- Location: Cherokee County, Oklahoma, United States
- Nearest city: Park Hill, OK
- Coordinates: 35°45′32″N 94°54′32″W﻿ / ﻿35.7589808°N 94.9088409°W
- Area: 146 acres (59 ha)
- Visitors: 124,579 (in 2021)
- Governing body: Oklahoma Tourism and Recreation Department
- Website: www.travelok.com/listings/view.profile/id.1290

= Cherokee Landing State Park =

State park in Oklahoma, United States

Cherokee Landing State Park is a 146 acre Oklahoma state park located in Cherokee County, Oklahoma. It is located near Park Hill, Oklahoma on a peninsula jutting into Lake Tenkiller in the Cookson Hills, south of Tahlequah. The park features 93 RV campsites with electric power and water hookups, dump station, 45 primitive campsites, covered picnic shelters, restrooms with hot showers, boating, lighted boat ramp, water skiing, swimming beach, fishing, handicapped fishing dock, playgrounds and a softball field.
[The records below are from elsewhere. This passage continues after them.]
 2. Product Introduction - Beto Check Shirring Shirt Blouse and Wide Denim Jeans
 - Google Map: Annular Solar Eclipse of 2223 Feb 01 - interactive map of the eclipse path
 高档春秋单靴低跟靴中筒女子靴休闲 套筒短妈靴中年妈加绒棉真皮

The park is open seven days per week from 7:30 A.M. to 4:00 P.M., though the office is staffed by a volunteer only Wednesday through Saturday 9:00 A.M. through 2:00 P.M.
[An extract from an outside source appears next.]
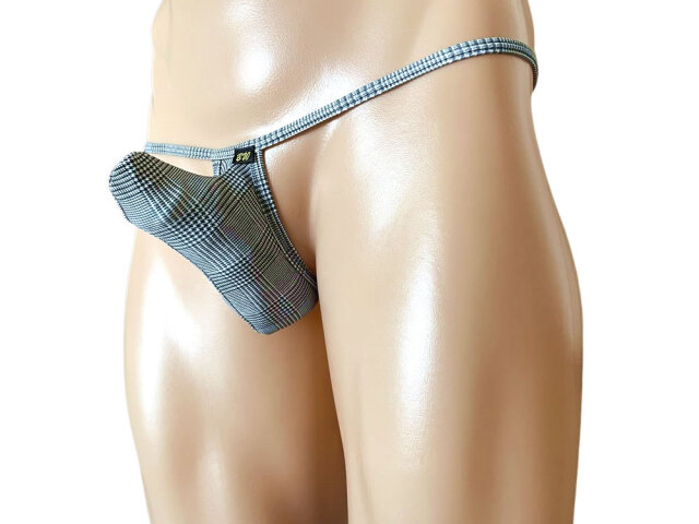 ボディウェアーのメンズGストリング。ギンガムチェック柄の2ウェイ生地を使用。フロントはピストルのような形で上部に突出させたTフロントデザイン。フルシームでギリギリの履き心地ながらも収まり感良好。■サイズ:M(ウェスト76~84cm)■平置き寸法(フロント部分):股上16cm、横幅9cm■素材:ポリエステル80%、ポリウレタン20% ■生地の伸び:普通、厚さ:普通

Hunting is not allowed in the park, but there is a 2950 acre area west of the park boundary that is a state game management and hunting area. This area is under the jurisdiction of the Oklahoma Department of Wildlife Conservation. Hunting is allowed there. Popular game species for hunting are :deer, quail, dove, duck, geese, rabbit and squirrel.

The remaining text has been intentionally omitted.